Church in Carmarthenshire, Wales

The English Congregational Church, Carmarthen is a Congregational church in the town of Carmarthen, Carmarthenshire, Wales. The building dates from 1861 and is located at 105, Lammas St, Carmarthen. The church was designated as a Grade II listed building on 19 May 1981.

The English Congregational Church in Carmarthen was built in 1861 by Poulton and Woodman, an experienced firm of chapel builders. It is similar to the Presbyterian church they built in Brecon in 1872. The English Congregational Church is rendered more conspicuous by being set at an angle to the street. It is built of rock-faced stone with Bath stone features and is in an exaggeratedly Gothic style. There are a lot of strange angles and junctions, a steep gable end with a tall window, a tower with spiral stair and a slender spire on an open bell platform. There are other strange features and by contrast, the interior is quite plain, with arch-braced roof trusses, and an organ recess with a pointed apse.

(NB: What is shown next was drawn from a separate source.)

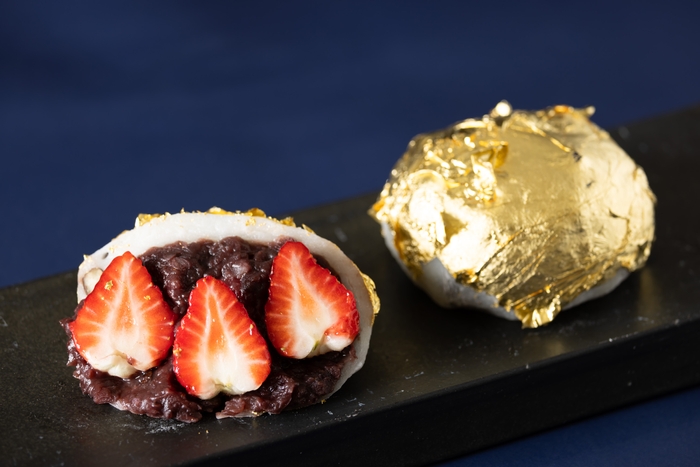 ジャンボサイズのいちご豆大福を丸ごと金箔で包みあげてご提供!

The pulpit is polygonal and the single gallery has a front made from diagonally arranged boarding.

The church was designated as a Grade II listed building on 19 May 1981, being "a remarkably confident example of Gothic chapel architecture". The Royal Commission on the Ancient and Historical Monuments of Wales curates the archaeological, architectural and historic records for this church. These include digital photographs and colour transparencies of the exterior and interior of the building.